In [34]:
import pandas as pd
import numpy as np
from sklearn.model_selection import train_test_split #used to split your dataset into training and testing subsets.
from sklearn.preprocessing import StandardScaler, OneHotEncoder #standardizing features (variables) by scaling them 
#convert categorical text or numerical values into a format that machine learning algorithms can use
from sklearn.compose import ColumnTransformer #allows you to apply different preprocessing steps to different columns
from sklearn.pipeline import Pipeline #chains together multiple processing steps
from sklearn.linear_model import LinearRegression 
from sklearn.metrics import mean_absolute_error, mean_squared_error
from datetime import datetime
import re

In [35]:
IT_DATA = pd.read_csv('Employee_Profile_IT.csv')

In [36]:
IT_DATA.columns = IT_DATA.columns.str.replace(r'[^\w\s]', '', regex=True) #clean column names
IT_DATA.rename(columns={'Bonus ': 'Cur_Bonus'}, inplace=True) # Cur_Bonus = Current_Bonus_Ratio
IT_DATA.rename(columns={'Exit Date': 'Init_Exit'}, inplace=True) 
IT_DATA['Annual Salary'] = IT_DATA['Annual Salary'].replace({r'[$,]': ''}, regex=True).astype(float) #remove dollar sign
IT_DATA['Cur_Bonus'] = IT_DATA['Cur_Bonus'].astype(float)
IT_DATA.drop('Init_Exit', axis=1, inplace=True) #drop exit column
IT_DATA = IT_DATA[~IT_DATA['EEID'].str.contains('E100', na=False)].reset_index(drop=True) #filter employees

In [37]:
num_feats = ['Age', 'Annual Salary', 'Cur_Bonus', 'EmploymentRating', 'DaysOfAbsence', 'CertificationsEarned']
for feat in num_feats:
    if IT_DATA[feat].isnull().any():
        med_val = IT_DATA[feat].median() #because of outlires
        IT_DATA[feat].fillna(med_val, inplace=True)
for col in IT_DATA.columns:
    if IT_DATA[col].dtype == 'object' and IT_DATA[col].isnull().any():
        mode_val = IT_DATA[col].mode()[0]
        IT_DATA[col].fillna(mode_val, inplace=True)

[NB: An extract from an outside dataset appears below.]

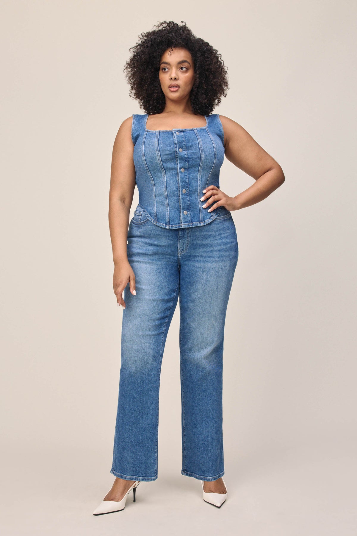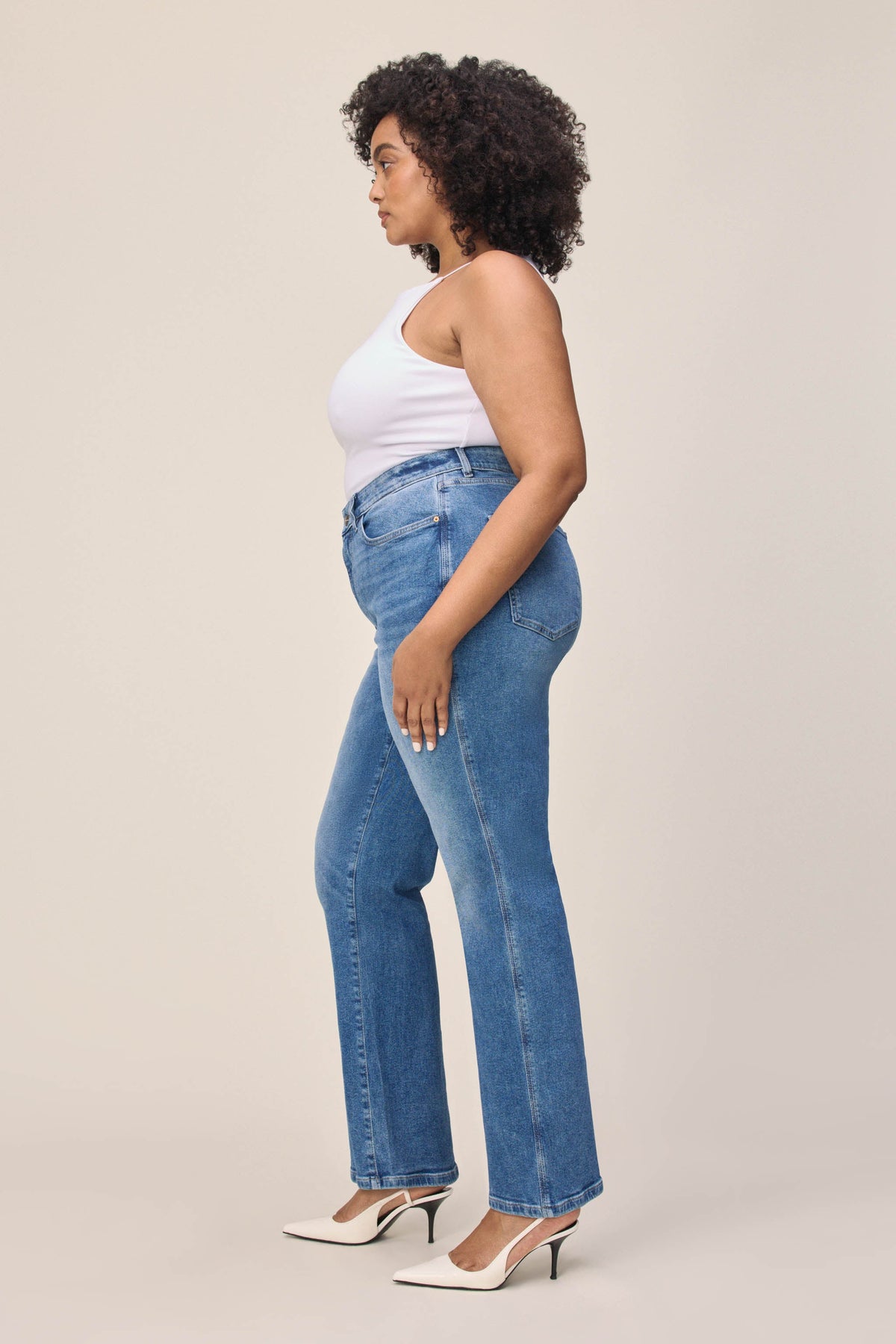 SAT is a high-rise straight jean that's a nod to the most-loved 90's denim style. Crafted with certified cotton and a hint of stretch, this 31" inseam jean looks vintage, but is made with way less water, dyes and chemicals than any other jean in your closet. High Road is a mid-to-light indigo wash with vintage fading and character through out. It features a silver shank, copper rivets, khaki stitching and a clean hem.

print("Data Cleanup complete. IT dataset ready.")
print("Total IT records:", len(IT_DATA))

Data Cleanup complete. IT dataset ready.
Total IT records: 215


The behavior will change in pandas 3.0. This inplace method will never work because the intermediate object on which we are setting values always behaves as a copy.

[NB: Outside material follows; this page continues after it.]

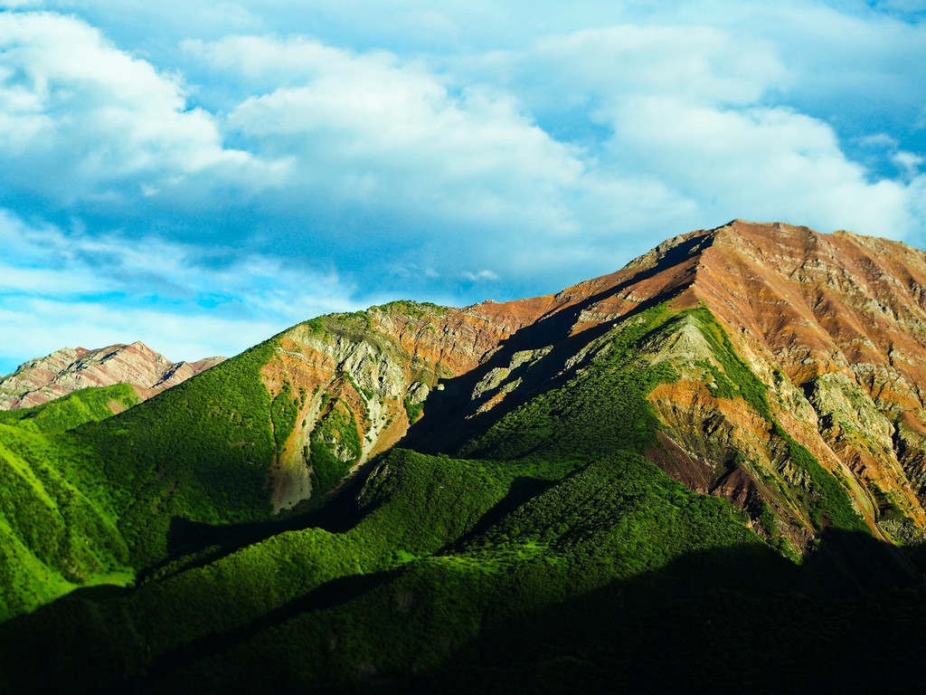 奇丽的孜珠山,一年四季,景色万千。其中,最美的当属秋冬时节。秋日暖阳下,芳草萋萋的高山草甸上,野花正竞相开放。透过孜珠山的“宝镜”,眺望远方。千沟万壑的藏东山头,从近至远,有青黄相接的青稞田,一直连绵着赤褐橙黄的丹霞山谷,就像是上帝打翻颜料盘,落地成了一幅和谐美妙的高原秋收山水油画。

For example, when doing 'df[col].method(value, inplace=True)', try using 'df.method({col: value}, inplace=True)' or df[col] = df[col].method(value) instead, to perform the operation inplace on the original object.


  IT_DATA[feat].fillna(med_val, inplace=True)
The behavior will change in pandas 3.0. This inplace method will never work because the intermediate object on which we are setting values always behaves as a copy.

For example, when doing 'df[col].method(value, inplace=True)', try using 'df.method({col: value}, inplace=True)' or df[col] = df[col].method(value) instead, to perform the operation inplace on the original object.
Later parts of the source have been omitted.